Recorded information -
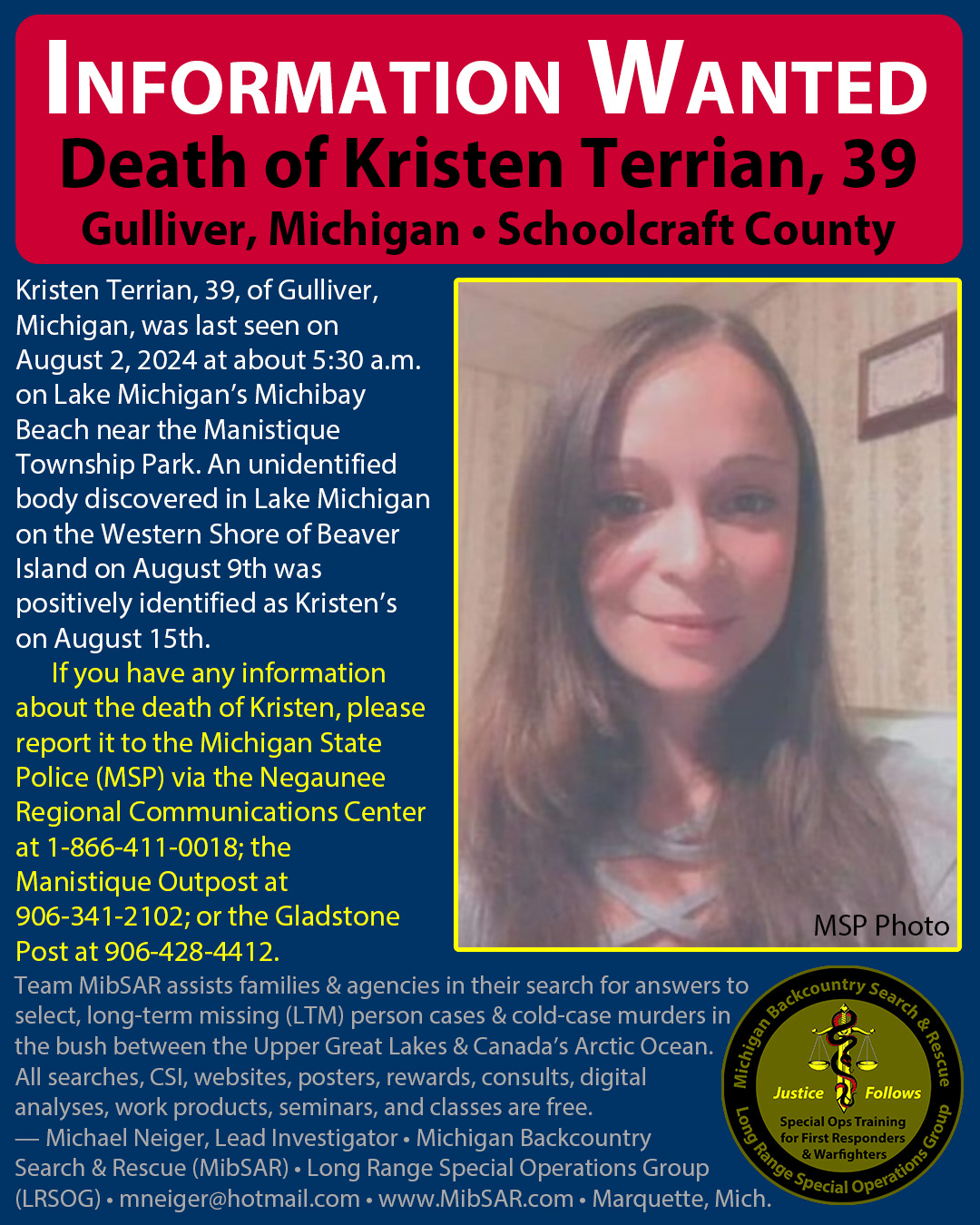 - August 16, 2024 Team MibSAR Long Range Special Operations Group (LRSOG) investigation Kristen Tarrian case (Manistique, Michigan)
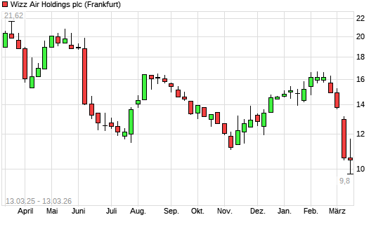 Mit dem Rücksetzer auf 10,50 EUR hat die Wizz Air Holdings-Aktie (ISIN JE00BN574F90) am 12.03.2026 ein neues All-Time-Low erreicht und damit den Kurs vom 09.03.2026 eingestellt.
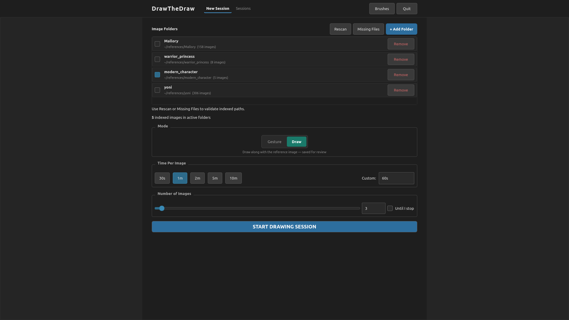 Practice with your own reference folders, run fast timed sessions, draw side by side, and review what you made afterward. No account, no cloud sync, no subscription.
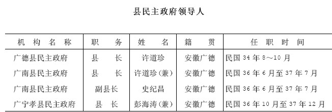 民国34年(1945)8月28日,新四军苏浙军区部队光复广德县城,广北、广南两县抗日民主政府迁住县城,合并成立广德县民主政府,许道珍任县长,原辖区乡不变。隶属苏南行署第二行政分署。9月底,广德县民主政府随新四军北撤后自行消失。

Goal of the exercise - Write out an exact reproduction of the lines from the line that holds "Practice with your" to the bottom of the listing above, both ends included. Exclude pictures.

Exercise solution -
 Practice with your own reference folders, run fast timed sessions, draw side by side, and review what you made afterward. No account, no cloud sync, no subscription.
 民国34年(1945)8月28日,新四军苏浙军区部队光复广德县城,广北、广南两县抗日民主政府迁住县城,合并成立广德县民主政府,许道珍任县长,原辖区乡不变。隶属苏南行署第二行政分署。9月底,广德县民主政府随新四军北撤后自行消失。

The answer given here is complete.